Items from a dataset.
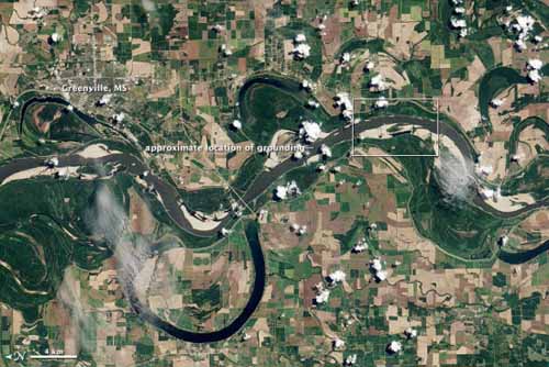 据美国陆军工程兵团维克斯堡办公室工作人员史蒂夫·琼斯报告,这次轮船搁浅事故发生在美国82号公路跨密西西比河大桥以南约10公里的地方。轮船搁浅导致该河交通中断,有近100艘船舶滞留。
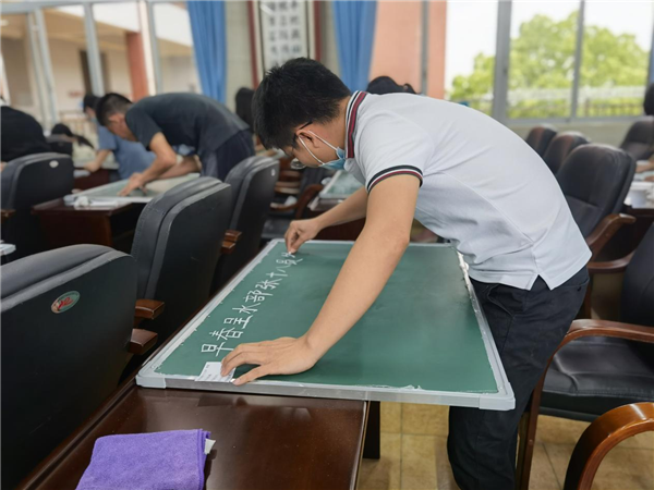 当天下午5:00,青年教师们先到教辅室选取一张小黑板,再到教师会议室做好赛前准备。5:20-5:25是正式比赛时间,魏主任摁下比赛铃声,全体参赛教师弯腰专心挥洒自己的粉笔字,向规范、端正、美观、快捷的目标奋进,五分钟时间很短,真正的比赛体验让老师们深切感受到要与时间赛跑。比赛一结束,老师们只得放下粉笔,离开比赛场地。接下来就是评委评审时间,为了能在比较中公正评审,评委们把一张张小黑板移放到墙边,在共同商议和交流中选出一等奖四名,二等奖五名,三等奖九名。
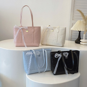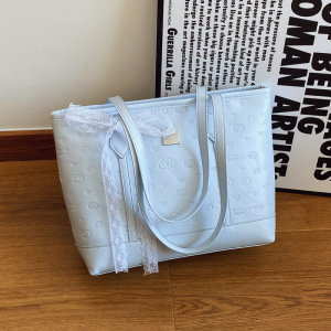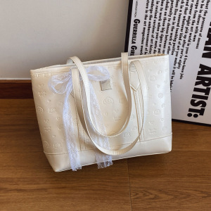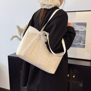 2025 新しい質感の森かわいいトレンディな夏のファッションシルクスカーフ無地大容量通勤ショルダー脇の下トートバッグ
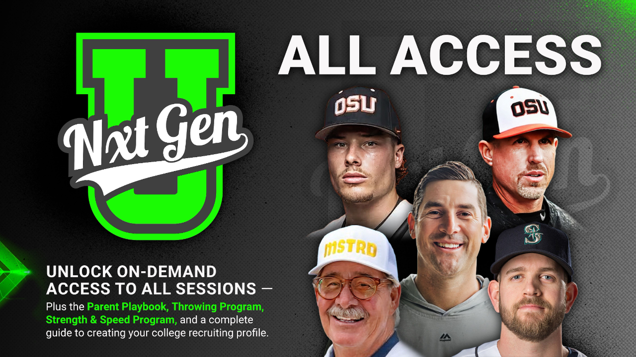 Unlock on-demand access anytime to all 25+ NxtGen U expert sessions. Learn from MLB players, college coaches, recruiters, and specialists on development, mindset, and recruiting. Sessions only — no Playbook, no bonus content, and no training programs included.
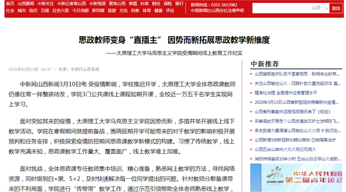 中新网山西新闻3月10日电 受疫情影响,学校推迟开学,350vip浦京集团官网全体思政课教师仍像往常一样整装待发,学院3门公共课线上课程如期开课,全校近一万五千名学生实现网上学习。
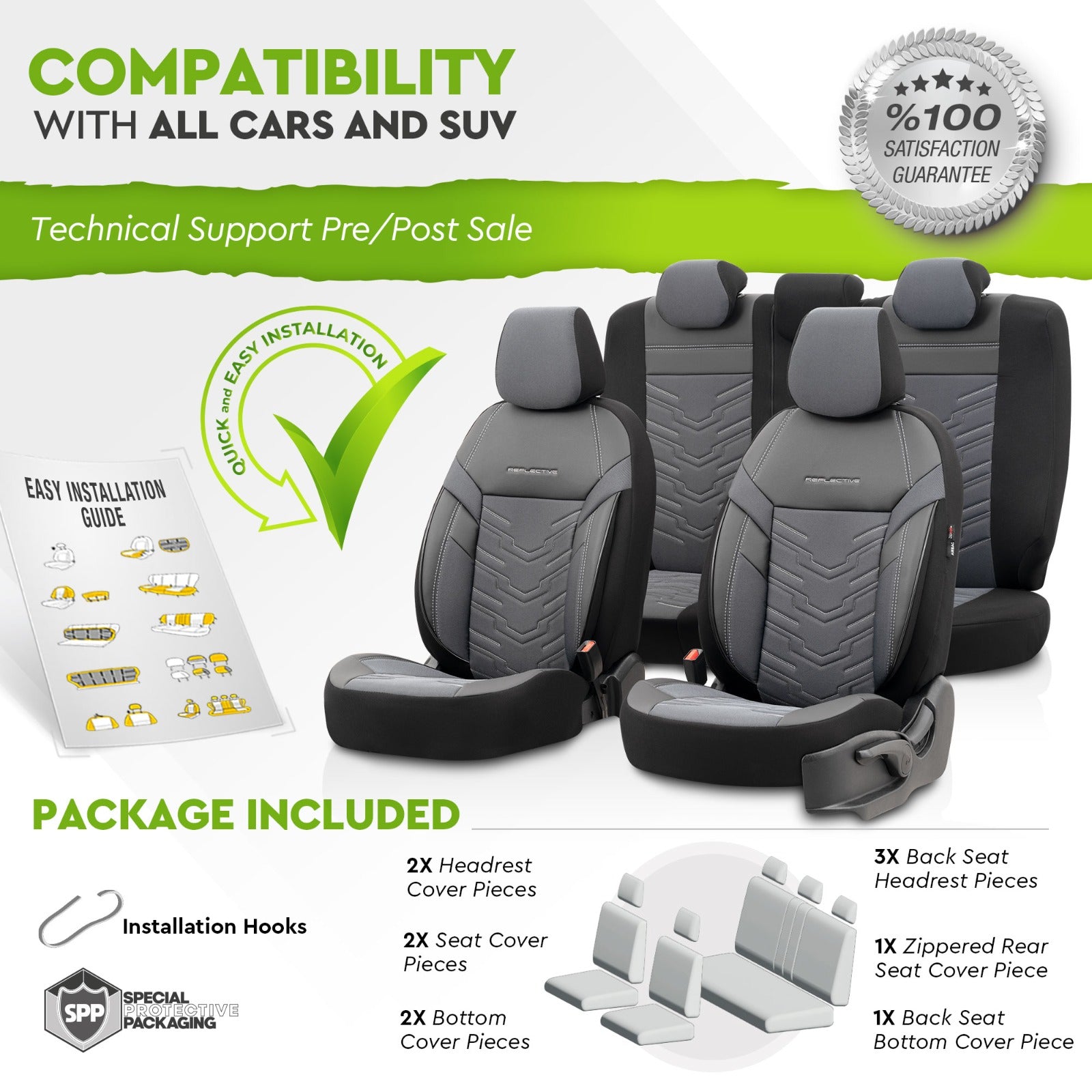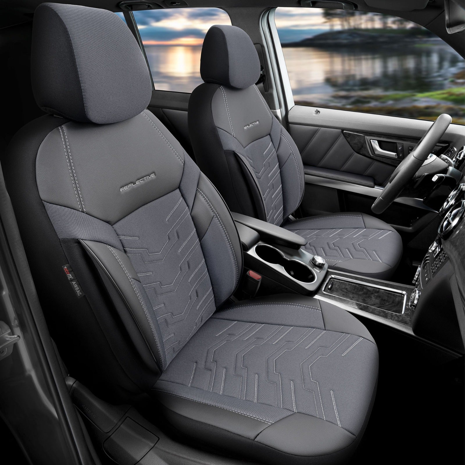 Комплект Тапицерия Reflective – Сиво, Текстил с Еко кожа, за Предни и Задни Седалки
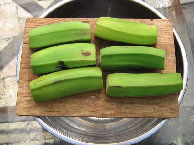 Quitar las cáscaras con un cuchillo - no pelar plátanos verdes como maduros.

WHAT NEEDS TO BE DONE. For each line above, output its wording exactly and leave out any picture.

PROBLEM SOLUTION.
 据美国陆军工程兵团维克斯堡办公室工作人员史蒂夫·琼斯报告,这次轮船搁浅事故发生在美国82号公路跨密西西比河大桥以南约10公里的地方。轮船搁浅导致该河交通中断,有近100艘船舶滞留。
 当天下午5:00,青年教师们先到教辅室选取一张小黑板,再到教师会议室做好赛前准备。5:20-5:25是正式比赛时间,魏主任摁下比赛铃声,全体参赛教师弯腰专心挥洒自己的粉笔字,向规范、端正、美观、快捷的目标奋进,五分钟时间很短,真正的比赛体验让老师们深切感受到要与时间赛跑。比赛一结束,老师们只得放下粉笔,离开比赛场地。接下来就是评委评审时间,为了能在比较中公正评审,评委们把一张张小黑板移放到墙边,在共同商议和交流中选出一等奖四名,二等奖五名,三等奖九名。
 2025 新しい質感の森かわいいトレンディな夏のファッションシルクスカーフ無地大容量通勤ショルダー脇の下トートバッグ
 Unlock on-demand access anytime to all 25+ NxtGen U expert sessions. Learn from MLB players, college coaches, recruiters, and specialists on development, mindset, and recruiting. Sessions only — no Playbook, no bonus content, and no training programs included.
 中新网山西新闻3月10日电 受疫情影响,学校推迟开学,350vip浦京集团官网全体思政课教师仍像往常一样整装待发,学院3门公共课线上课程如期开课,全校近一万五千名学生实现网上学习。
 Комплект Тапицерия Reflective – Сиво, Текстил с Еко кожа, за Предни и Задни Седалки
 Quitar las cáscaras con un cuchillo - no pelar plátanos verdes como maduros.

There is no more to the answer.